Die Verbündeten
DISKURSPflanzen und Menschen in der Religion
Die Vorstellung, dass Pflanzen das „fremde Andere“ des Menschen seien, ist alt. Doch die Beziehung zwischen ihnen und atmenden Lebewesen ist unmittelbar – auch in der Genesis.
Die Vorstellung, dass Pflanzen das „fremde Andere“ des Menschen seien, ist alt. Doch die Beziehung zwischen ihnen und atmenden Lebewesen ist unmittelbar – auch in der Genesis.
In der Stadt meiner Gymnasialzeit gab es am Bahnhof einen Platz mit rund zwanzig großen Linden, die da aus dem unversiegelten Boden wuchsen. Im heißen Sommer standen wir im Schatten der Bäume, aßen Eis aus der Konditorei und warteten auf den Bus nach Hause. Im Winter war der Platz optimal für Schneeballschlachten und andere Winterspiele. Irgendwann Ende der 1980er Jahre wurden alle Linden gefällt, um Platz für die Autobusse und einige wenige Parkplätze zu machen. Niemand mochte sich hier mehr aufhalten – im Sommer warʼs wie eine Bratpfanne, im Winter pfiff hier der Wind. Nach einigen Jahren pflanzte die Stadtverwaltung dann in die Betonwüste ein paar einsame Akazien, die mit ihren dünnen Blättern den Durchreisenden kaum Schatten geben.
Diese Geschichte entspricht einem Trend. In Österreich wurden in den letzten zehn Jahren rund 30 Fußballfelder pro Tag zubetoniert. Damit ist der Boden für Pflanzen und im Weiteren für das Lebendige verloren.
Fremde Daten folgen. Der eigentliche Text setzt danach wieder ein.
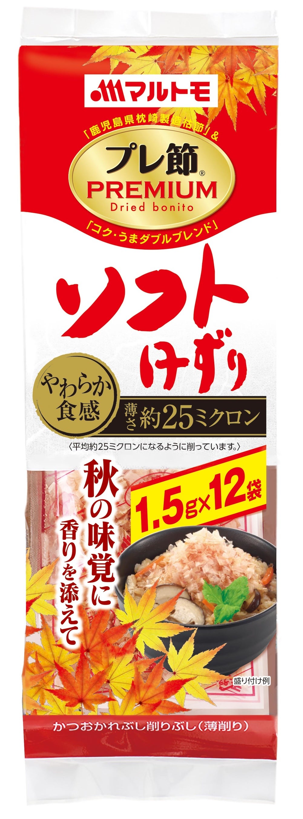 マルトモ株式会社(社長:今井均 本社:愛媛県伊予市)は、収穫の秋に売り場を華やかに演出し、食卓に旬のおいしさを届けるべく、秋の紅葉をパッケージにデザインした「プレ節Ⓡ 25 ミクロンソフトけずり 1.5g × 12 袋」を全国で発売します。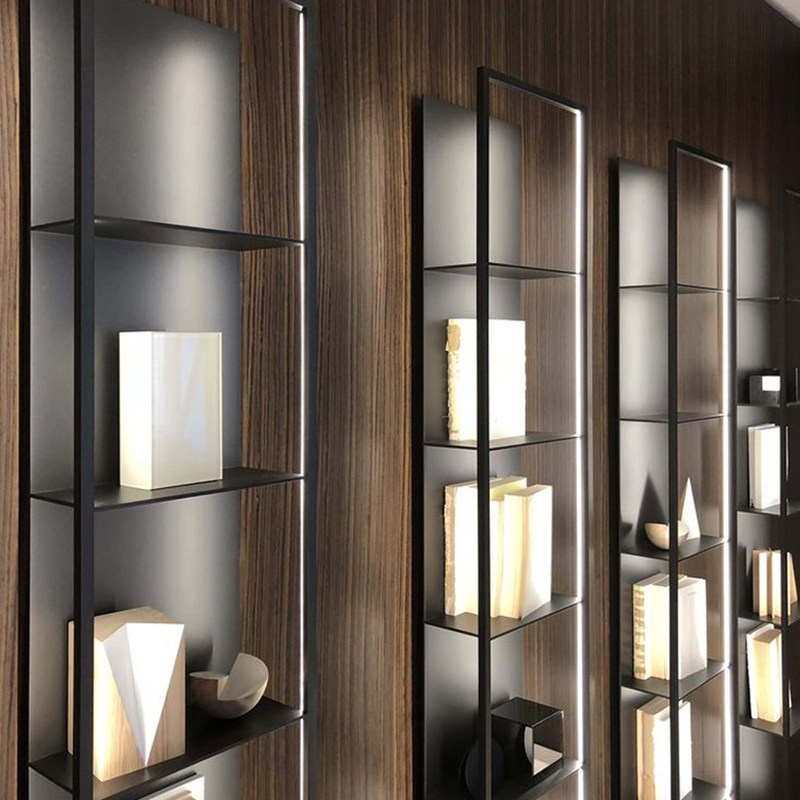 LED laminate luminous wall decoration shelf with light clapboard living room display stand wrought iron wall hanging bookshelf

Die Mentalität erinnert an eine kleine Bildgeschichte, die in der fernen Zukunft spielt: Ein Großvater geht mit dem Enkel auf einer Asphaltstraße spazieren. Schwarzer Block reiht sich an schwarzen Block. Plötzlich ruft der Enkel: „Da! Was ist das?“, und deutet auf ein kleines Pflänzchen, das sich aus einer Lücke im Asphalt ans Licht zwängt. Der Großvater stutzt, dann kommandiert er: „Ausreißen!“ Ein Pflanzenhasser, der selbst die Erinnerung an Lebendigkeit ausrotten will.